▶ [Task instructions] When you copy the entries, omit the images and keep every word as it is.

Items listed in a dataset
=== Section Start ===

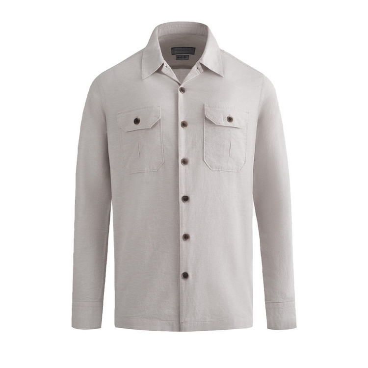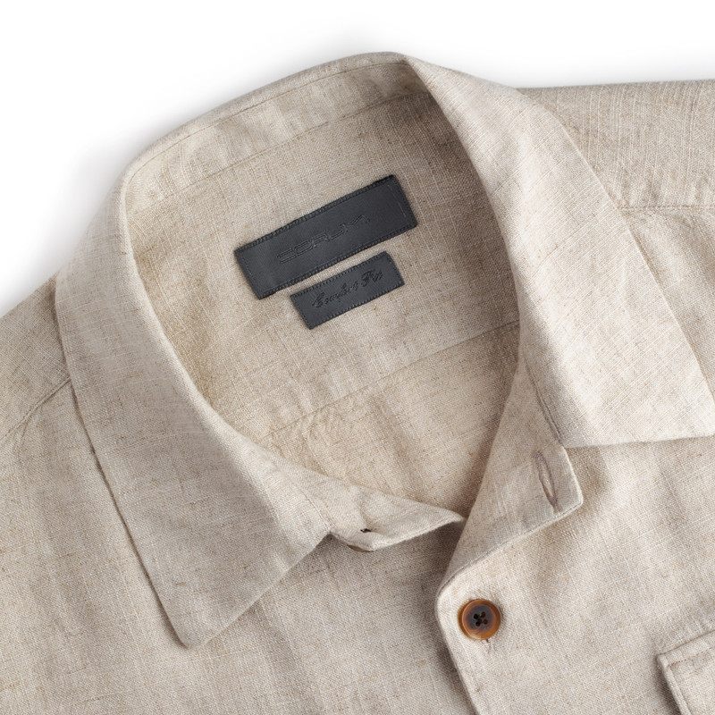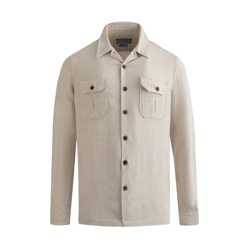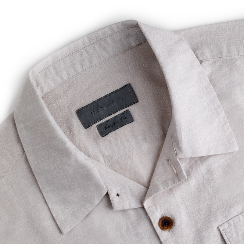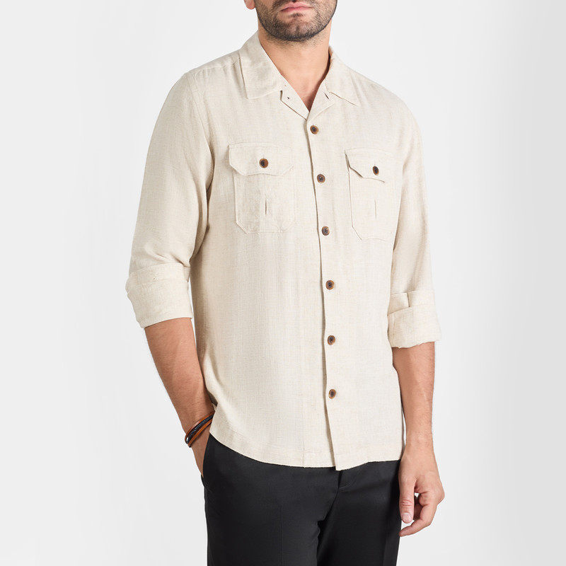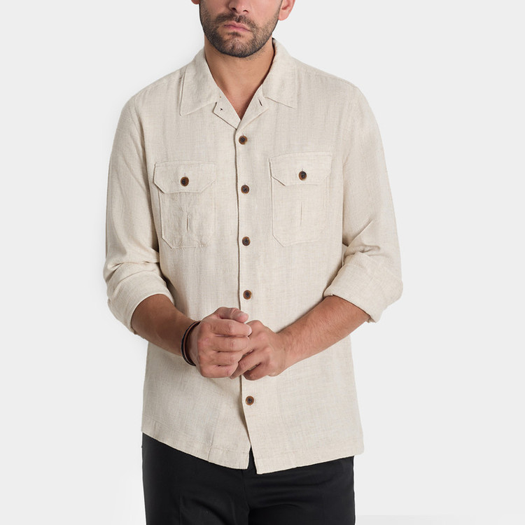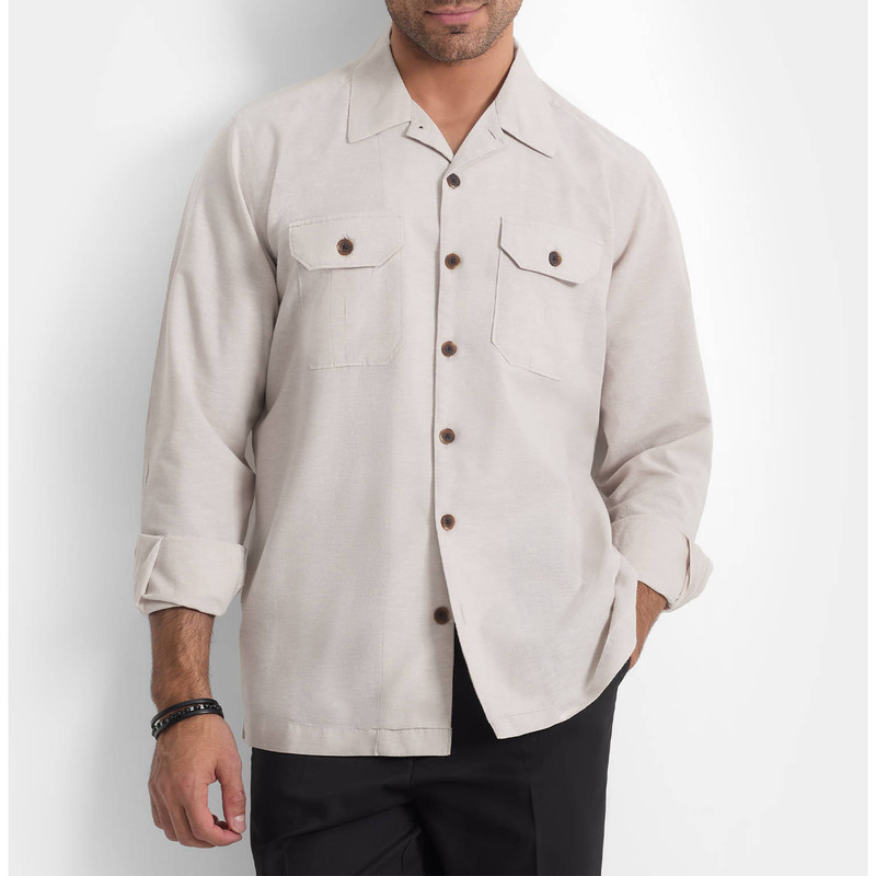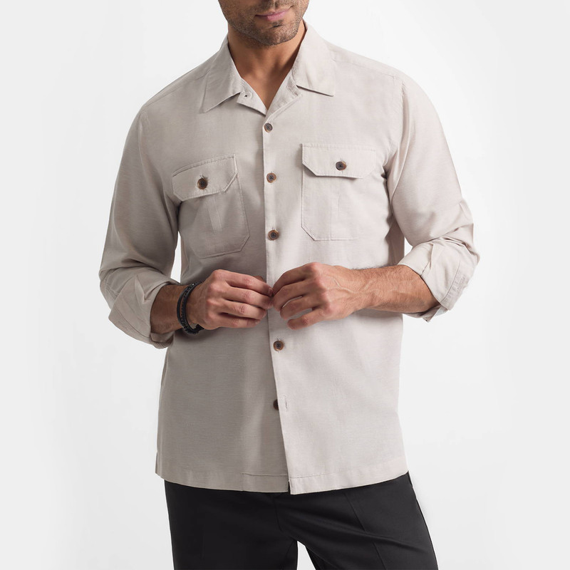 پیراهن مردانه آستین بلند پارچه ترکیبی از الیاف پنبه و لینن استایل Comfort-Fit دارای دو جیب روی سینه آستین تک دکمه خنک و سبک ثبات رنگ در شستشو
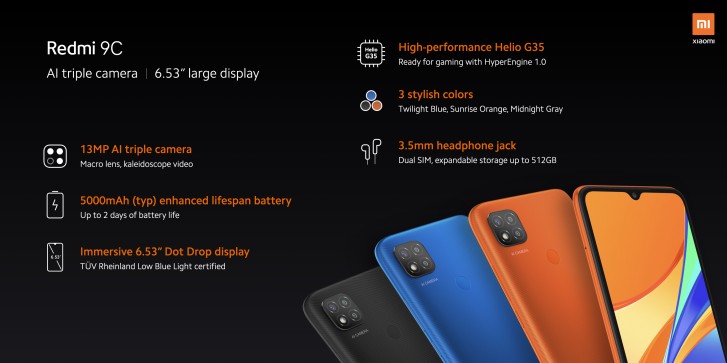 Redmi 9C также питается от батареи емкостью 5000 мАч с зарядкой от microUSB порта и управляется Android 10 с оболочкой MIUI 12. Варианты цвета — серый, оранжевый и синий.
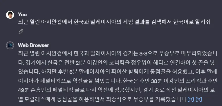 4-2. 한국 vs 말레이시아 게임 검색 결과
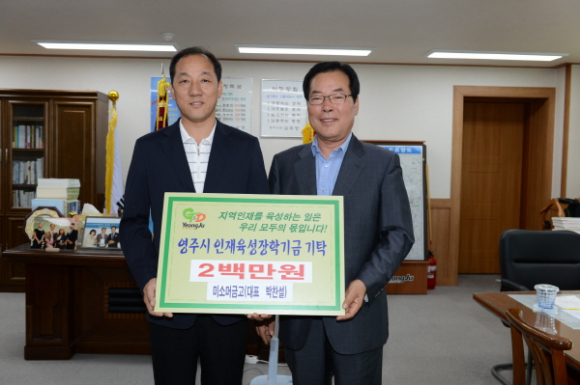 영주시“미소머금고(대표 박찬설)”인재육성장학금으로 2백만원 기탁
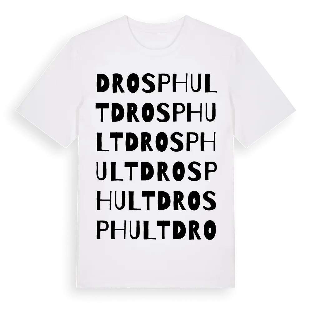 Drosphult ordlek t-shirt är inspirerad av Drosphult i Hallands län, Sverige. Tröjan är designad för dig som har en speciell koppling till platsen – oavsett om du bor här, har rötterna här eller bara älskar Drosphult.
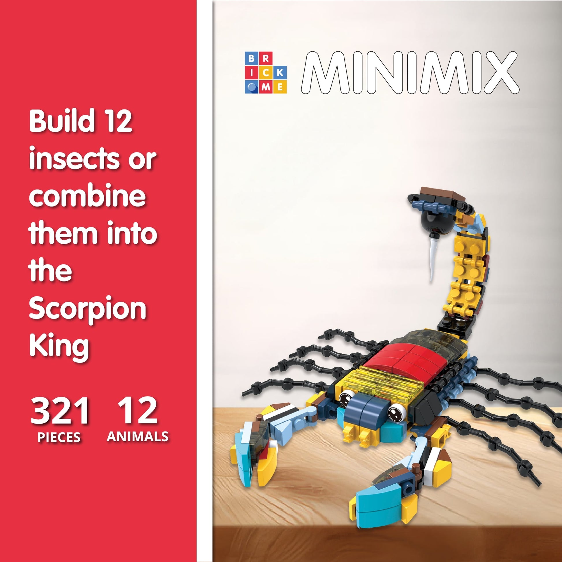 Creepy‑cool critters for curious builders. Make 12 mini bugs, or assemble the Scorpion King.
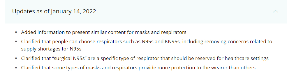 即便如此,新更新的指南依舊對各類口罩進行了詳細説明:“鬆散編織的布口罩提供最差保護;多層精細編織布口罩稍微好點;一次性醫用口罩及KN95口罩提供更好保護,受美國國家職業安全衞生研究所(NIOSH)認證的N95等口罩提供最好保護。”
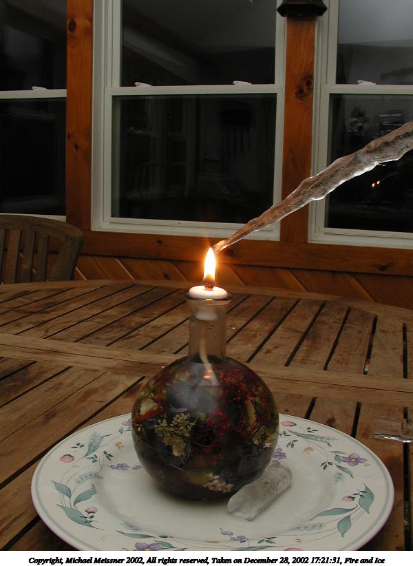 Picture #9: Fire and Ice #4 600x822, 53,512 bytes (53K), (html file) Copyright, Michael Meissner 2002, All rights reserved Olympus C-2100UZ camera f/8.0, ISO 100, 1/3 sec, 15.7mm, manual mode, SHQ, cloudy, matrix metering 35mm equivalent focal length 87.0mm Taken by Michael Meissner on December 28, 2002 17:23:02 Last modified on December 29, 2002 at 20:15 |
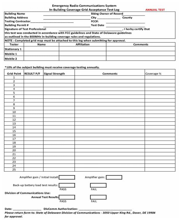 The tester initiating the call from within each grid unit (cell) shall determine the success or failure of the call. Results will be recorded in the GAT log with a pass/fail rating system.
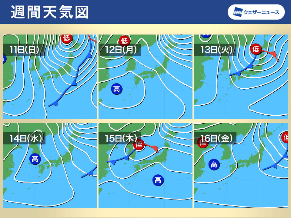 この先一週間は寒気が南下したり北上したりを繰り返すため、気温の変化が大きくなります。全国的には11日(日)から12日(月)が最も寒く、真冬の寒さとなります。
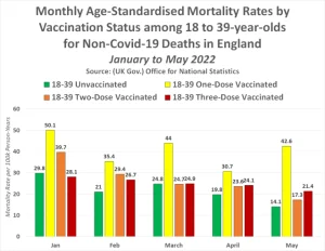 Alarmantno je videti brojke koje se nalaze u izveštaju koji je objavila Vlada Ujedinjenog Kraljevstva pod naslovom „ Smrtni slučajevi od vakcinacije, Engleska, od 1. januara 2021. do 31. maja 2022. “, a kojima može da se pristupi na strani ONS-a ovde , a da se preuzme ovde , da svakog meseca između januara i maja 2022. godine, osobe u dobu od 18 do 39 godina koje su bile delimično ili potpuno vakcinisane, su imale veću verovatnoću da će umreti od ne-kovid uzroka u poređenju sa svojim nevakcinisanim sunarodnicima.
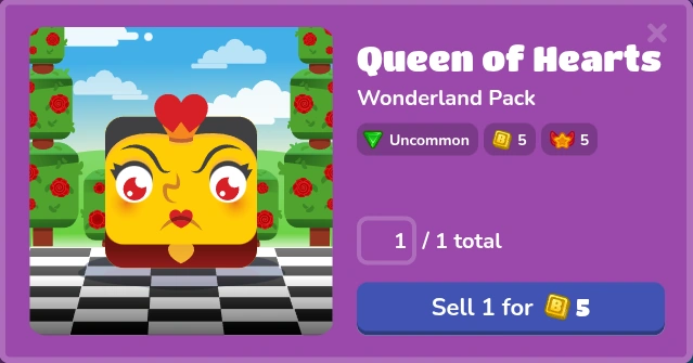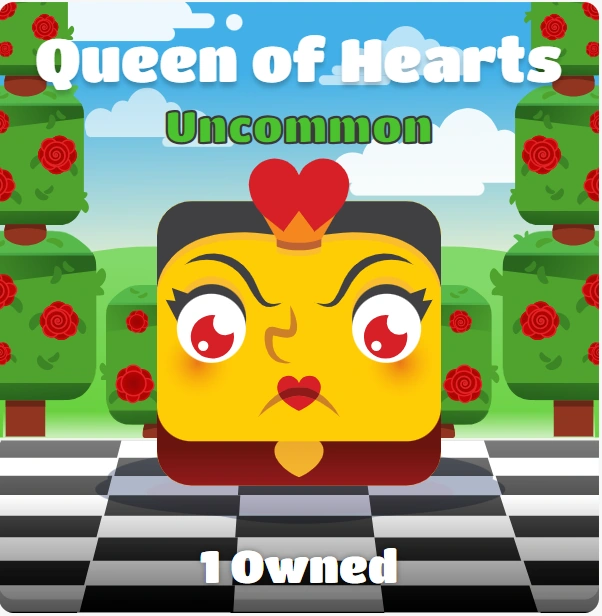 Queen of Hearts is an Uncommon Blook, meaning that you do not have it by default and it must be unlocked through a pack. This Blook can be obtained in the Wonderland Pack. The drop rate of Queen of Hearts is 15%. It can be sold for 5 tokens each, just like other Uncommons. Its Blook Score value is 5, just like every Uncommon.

=== Section End ===

▶ [Exercise response]
 پیراهن مردانه آستین بلند پارچه ترکیبی از الیاف پنبه و لینن استایل Comfort-Fit دارای دو جیب روی سینه آستین تک دکمه خنک و سبک ثبات رنگ در شستشو
 Redmi 9C также питается от батареи емкостью 5000 мАч с зарядкой от microUSB порта и управляется Android 10 с оболочкой MIUI 12. Варианты цвета — серый, оранжевый и синий.
 4-2. 한국 vs 말레이시아 게임 검색 결과
 영주시“미소머금고(대표 박찬설)”인재육성장학금으로 2백만원 기탁
 Drosphult ordlek t-shirt är inspirerad av Drosphult i Hallands län, Sverige. Tröjan är designad för dig som har en speciell koppling till platsen – oavsett om du bor här, har rötterna här eller bara älskar Drosphult.
 Creepy‑cool critters for curious builders. Make 12 mini bugs, or assemble the Scorpion King.
 即便如此,新更新的指南依舊對各類口罩進行了詳細説明:“鬆散編織的布口罩提供最差保護;多層精細編織布口罩稍微好點;一次性醫用口罩及KN95口罩提供更好保護,受美國國家職業安全衞生研究所(NIOSH)認證的N95等口罩提供最好保護。”
 Picture #9: Fire and Ice #4 600x822, 53,512 bytes (53K), (html file) Copyright, Michael Meissner 2002, All rights reserved Olympus C-2100UZ camera f/8.0, ISO 100, 1/3 sec, 15.7mm, manual mode, SHQ, cloudy, matrix metering 35mm equivalent focal length 87.0mm Taken by Michael Meissner on December 28, 2002 17:23:02 Last modified on December 29, 2002 at 20:15 |
 The tester initiating the call from within each grid unit (cell) shall determine the success or failure of the call. Results will be recorded in the GAT log with a pass/fail rating system.
 この先一週間は寒気が南下したり北上したりを繰り返すため、気温の変化が大きくなります。全国的には11日(日)から12日(月)が最も寒く、真冬の寒さとなります。
 Alarmantno je videti brojke koje se nalaze u izveštaju koji je objavila Vlada Ujedinjenog Kraljevstva pod naslovom „ Smrtni slučajevi od vakcinacije, Engleska, od 1. januara 2021. do 31. maja 2022. “, a kojima može da se pristupi na strani ONS-a ovde , a da se preuzme ovde , da svakog meseca između januara i maja 2022. godine, osobe u dobu od 18 do 39 godina koje su bile delimično ili potpuno vakcinisane, su imale veću verovatnoću da će umreti od ne-kovid uzroka u poređenju sa svojim nevakcinisanim sunarodnicima.
 Queen of Hearts is an Uncommon Blook, meaning that you do not have it by default and it must be unlocked through a pack. This Blook can be obtained in the Wonderland Pack. The drop rate of Queen of Hearts is 15%. It can be sold for 5 tokens each, just like other Uncommons. Its Blook Score value is 5, just like every Uncommon.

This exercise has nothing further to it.